Yet women’s voices are undervalued, the report states, even as government, employers and others violate women’s rights, with many women experiencing an increase in severe violations of these fundamental freedoms and backlashes against gender equality. Exclusions from labor laws, barriers to forming and joining unions and reprisals for labor organizing leave women with “little leverage to change the conditions that entrench poverty, fuel inequality and limit democracy.”

Bangladesh, Women's Day march, worker rights, Solidarity Center

Women’s exclusion from labor laws and reprisals for forming unions in Bangladesh and around the world limit women’s ability to improve their workplaces. Credit: Solidarity Center

For instance in Bangladesh, “in many cases when garment workers want to unionize, they are blacklisted, intimidated, local groups threaten their families and many women are subject to physical assault,” says Nazma Akter, Awaj executive director and president of the Sommilito Garments Sramik Federation (SGSF). “There is no robust legal mechanism to appeal to for the right to organize and to help protect our human rights.”

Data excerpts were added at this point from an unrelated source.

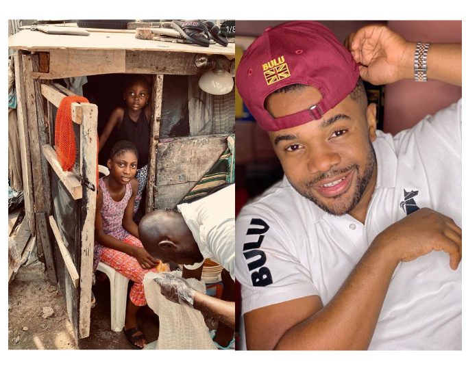 He wrote, ” December last year I came to this slum to give them food for the Christmas holiday and whilst I was distributing food I saw this young girls studying in-front of their house ( I mean the house you see in the picture above). I asked them some questions and I was amazed at how intelligent they are. I asked for their parents but they said they’ve gone out to look for their daily meal. They are not only living in an unhealthy, dangerous area with area boys all over the place but they live under a telco mask ( which can be very harmful to humans). Why should anyone live in such condition not to talk more of children? The reason I decided to post this picture is because they are not the only ones living in this condition, there are a lot of them even in your neighborhood and I’m encouraging you to reach out to the ones around you. But as for these ones, My Friend/Partner in the US, Dr Nancy, and I @williams_uchembafoundation have decided to move them out of this place ASAP. I have contacted a housing agent to look for a good apartment, so we can furnish it and move them in, and Dr Nancy has agreed to put them on scholarship in any school of their choice till they graduate from the University. For us to have a nation we desire Human capital and personal transformation has to come before Infrastructural development and national transformations. A nation is never built by one sector alone but a collective effort of not only several sectors but individuals, Captains of industries and Nation builders. #EachOneReachOne #thegivechallenge #stayhomestaysafe❤️”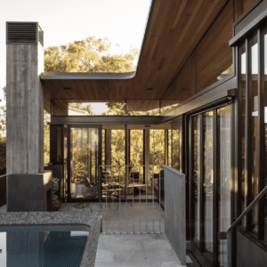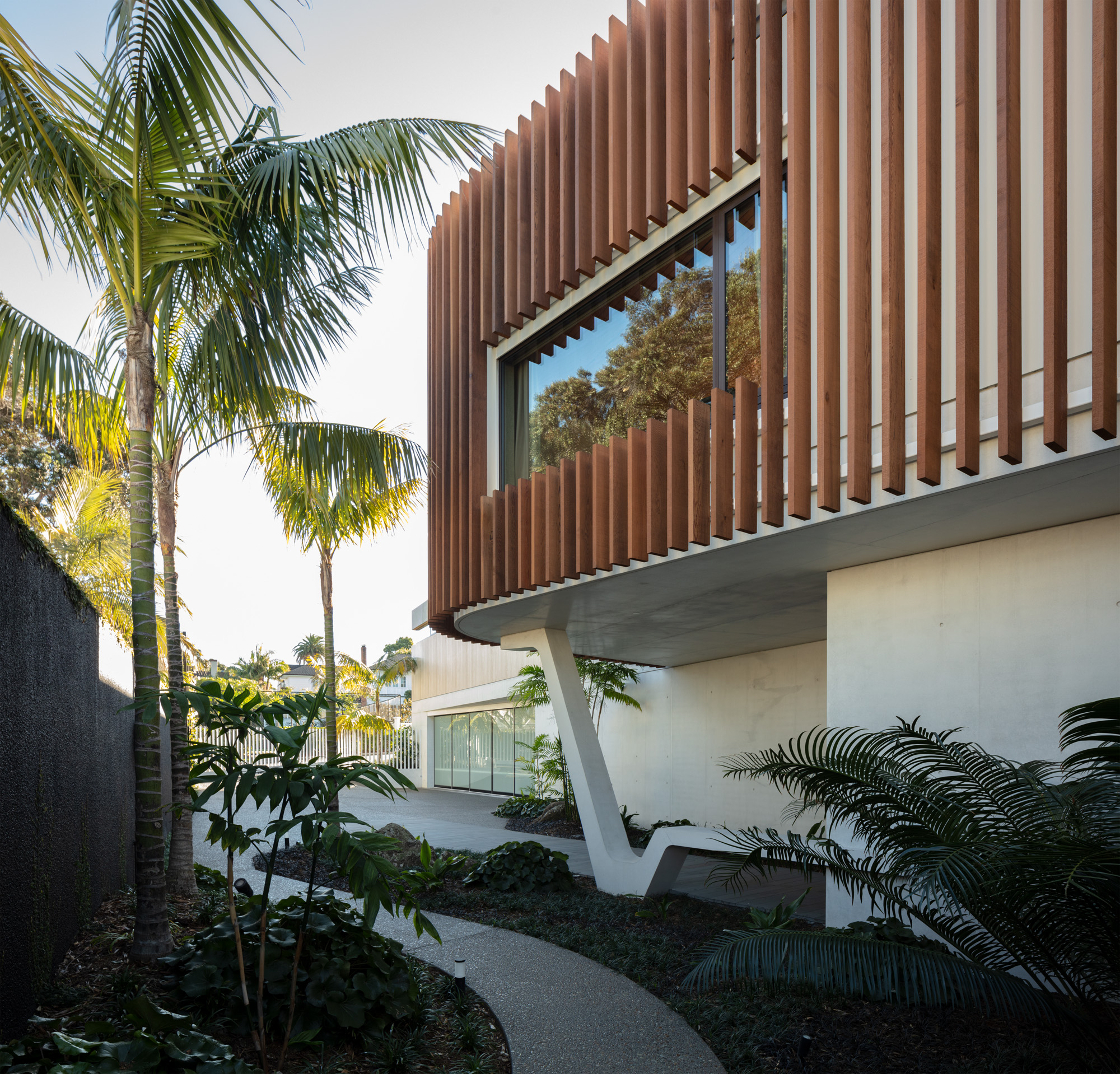 Timber fins and exterior panelling lend a decorative element and provide privacy from the surrounding neighbours, as do the marble fins on the exterior of the guest quarters. Inside, walnut floors and rolling cedar ceilings are an organic counterpoint to the interior concrete walls, which are sculptural in form and beautifully unfinished with a regular indent of delicate plug holes from the construction process.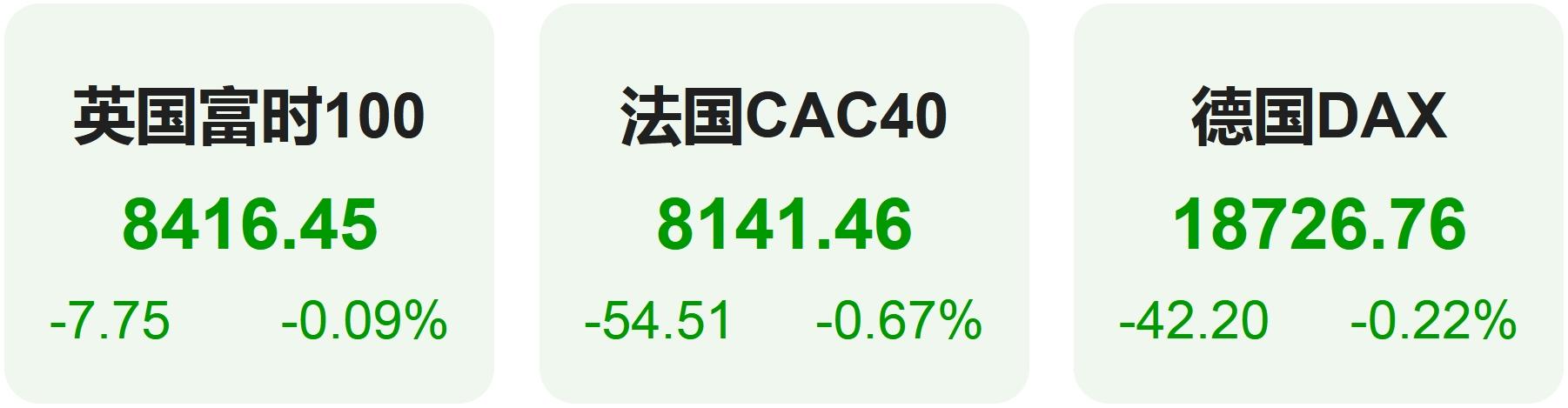 欧洲股市方面,英国富时100指数小幅下跌0.09%,报8416点。法国CAC40指数小幅下跌0.66%,报8141点。德国DAX指数小幅下跌0.22%,报18727点。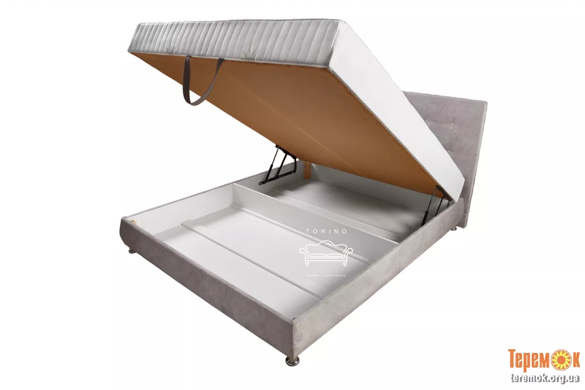 Підйомна основа з газовими упорами дозволить з легкістю піднімати і опускати спальне місце, даючи можливість використовувати відсік для зберігання ваших речей.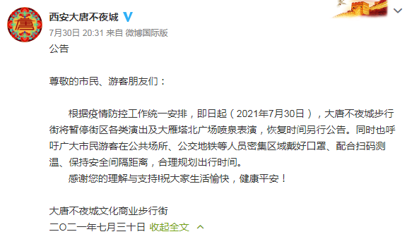 30日晚上,西安大唐不夜城文化商业步行街发布公告,街区各类演出及大雁塔北广场喷泉表演即日起暂停,恢复时间另行公告。

Women seeking to improve their working conditions face similar challenges around the world, including in Ghana, where women “often are threatened with dismissals or non-renewal of contracts,” say Edward Kareweh, general secretary of the General Agricultural Workers’ Union (GAWU) and GAWU Gender Equality Officer Bashiratu Kamal. “There is a lack of cooperation from government in enforcing laws against discrimination, marginalization and exploitation.”

Morocco, women, agriculture workers, union, bargaining agreement, Solidarity Center

Agricultural workers in Morocco and around the world often are not covered by their countries’ labor laws, a lack of rights that falls especially hard on women. Credit: Solidarity Center/Hind Cherrouk

Laws barring retaliation against women who seek to form unions often are not enforced and additional barriers erected, say women activists.

In El Salvador, “the ability to form and join unions is a constitutional right, but in practice, there are many obstacles, ranging from delay in legal registration, defamatory campaigns, loss of employment, widespread violence, to murder in certain cases, says Marta Zaldaña, Secretary General of the union federation FEASIES.

“Tunisia’s Constitution guarantees equality and equal opportunities for men and women. But despite those important laws, the actual problem is in implementing those laws, especially in the interior regions where male domination prevails,” according to a Tunisian woman union activist.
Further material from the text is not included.